[Recorded data]
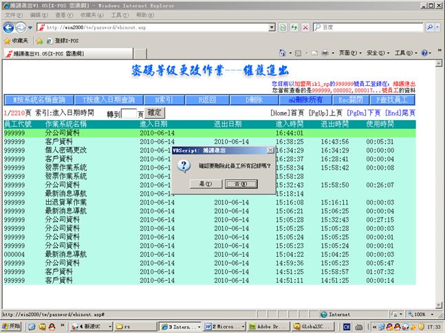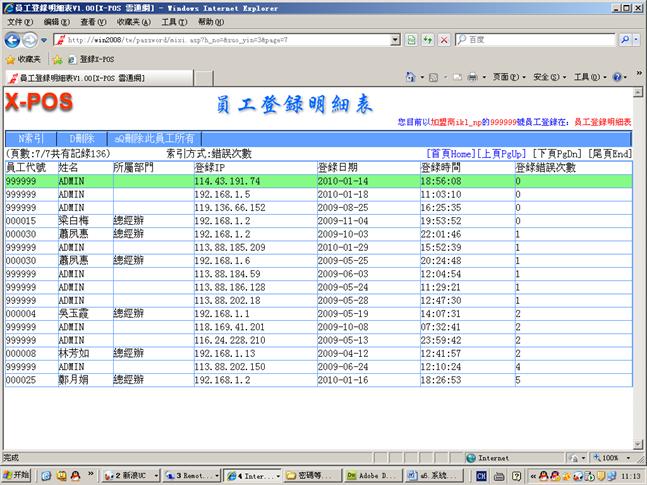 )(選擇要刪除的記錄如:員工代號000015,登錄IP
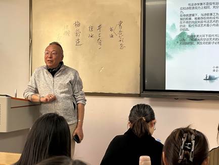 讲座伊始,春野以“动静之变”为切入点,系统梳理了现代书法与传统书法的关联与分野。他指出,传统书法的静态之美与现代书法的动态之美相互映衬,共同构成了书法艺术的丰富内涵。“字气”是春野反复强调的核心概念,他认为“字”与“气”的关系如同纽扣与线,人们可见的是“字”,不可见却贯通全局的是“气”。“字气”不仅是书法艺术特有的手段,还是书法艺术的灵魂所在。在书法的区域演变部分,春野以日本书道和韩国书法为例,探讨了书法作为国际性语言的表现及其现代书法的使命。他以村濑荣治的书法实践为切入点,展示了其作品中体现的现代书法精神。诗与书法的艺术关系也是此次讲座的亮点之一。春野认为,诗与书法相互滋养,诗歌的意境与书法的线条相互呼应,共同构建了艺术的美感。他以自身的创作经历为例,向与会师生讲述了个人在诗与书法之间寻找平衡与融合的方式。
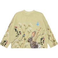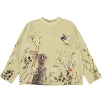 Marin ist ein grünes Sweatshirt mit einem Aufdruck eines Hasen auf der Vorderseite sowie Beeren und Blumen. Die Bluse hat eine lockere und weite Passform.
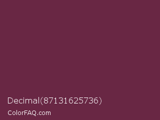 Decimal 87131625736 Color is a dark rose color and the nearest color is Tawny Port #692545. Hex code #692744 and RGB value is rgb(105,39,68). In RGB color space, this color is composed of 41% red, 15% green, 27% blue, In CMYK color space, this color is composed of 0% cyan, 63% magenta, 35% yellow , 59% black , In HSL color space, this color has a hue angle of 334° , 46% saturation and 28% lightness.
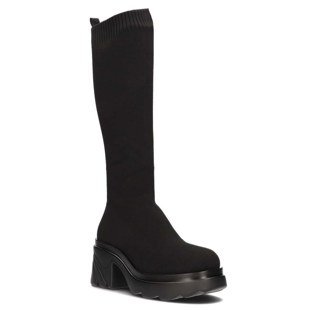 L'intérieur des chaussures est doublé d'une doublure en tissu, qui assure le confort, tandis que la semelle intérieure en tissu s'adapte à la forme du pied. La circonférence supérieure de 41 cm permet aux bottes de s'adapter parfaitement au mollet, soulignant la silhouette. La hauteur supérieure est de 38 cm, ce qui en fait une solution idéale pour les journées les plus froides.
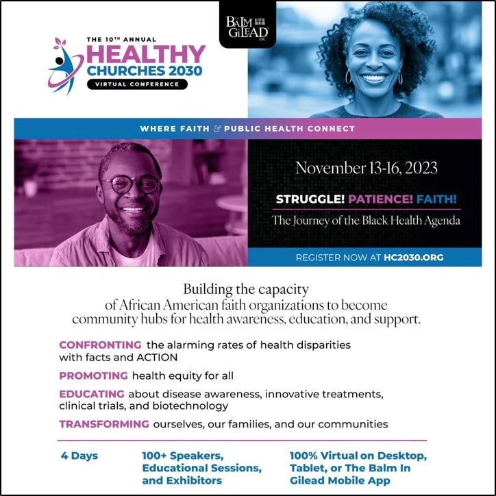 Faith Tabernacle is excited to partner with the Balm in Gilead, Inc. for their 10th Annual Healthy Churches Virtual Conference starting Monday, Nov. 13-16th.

- [Work request]
Since the pictures are not wanted, set down only the rest of each record, exactly as above.

- [Task result]
 )(選擇要刪除的記錄如:員工代號000015,登錄IP
 讲座伊始,春野以“动静之变”为切入点,系统梳理了现代书法与传统书法的关联与分野。他指出,传统书法的静态之美与现代书法的动态之美相互映衬,共同构成了书法艺术的丰富内涵。“字气”是春野反复强调的核心概念,他认为“字”与“气”的关系如同纽扣与线,人们可见的是“字”,不可见却贯通全局的是“气”。“字气”不仅是书法艺术特有的手段,还是书法艺术的灵魂所在。在书法的区域演变部分,春野以日本书道和韩国书法为例,探讨了书法作为国际性语言的表现及其现代书法的使命。他以村濑荣治的书法实践为切入点,展示了其作品中体现的现代书法精神。诗与书法的艺术关系也是此次讲座的亮点之一。春野认为,诗与书法相互滋养,诗歌的意境与书法的线条相互呼应,共同构建了艺术的美感。他以自身的创作经历为例,向与会师生讲述了个人在诗与书法之间寻找平衡与融合的方式。
 Marin ist ein grünes Sweatshirt mit einem Aufdruck eines Hasen auf der Vorderseite sowie Beeren und Blumen. Die Bluse hat eine lockere und weite Passform.
 Decimal 87131625736 Color is a dark rose color and the nearest color is Tawny Port #692545. Hex code #692744 and RGB value is rgb(105,39,68). In RGB color space, this color is composed of 41% red, 15% green, 27% blue, In CMYK color space, this color is composed of 0% cyan, 63% magenta, 35% yellow , 59% black , In HSL color space, this color has a hue angle of 334° , 46% saturation and 28% lightness.
 L'intérieur des chaussures est doublé d'une doublure en tissu, qui assure le confort, tandis que la semelle intérieure en tissu s'adapte à la forme du pied. La circonférence supérieure de 41 cm permet aux bottes de s'adapter parfaitement au mollet, soulignant la silhouette. La hauteur supérieure est de 38 cm, ce qui en fait une solution idéale pour les journées les plus froides.
 Faith Tabernacle is excited to partner with the Balm in Gilead, Inc. for their 10th Annual Healthy Churches Virtual Conference starting Monday, Nov. 13-16th.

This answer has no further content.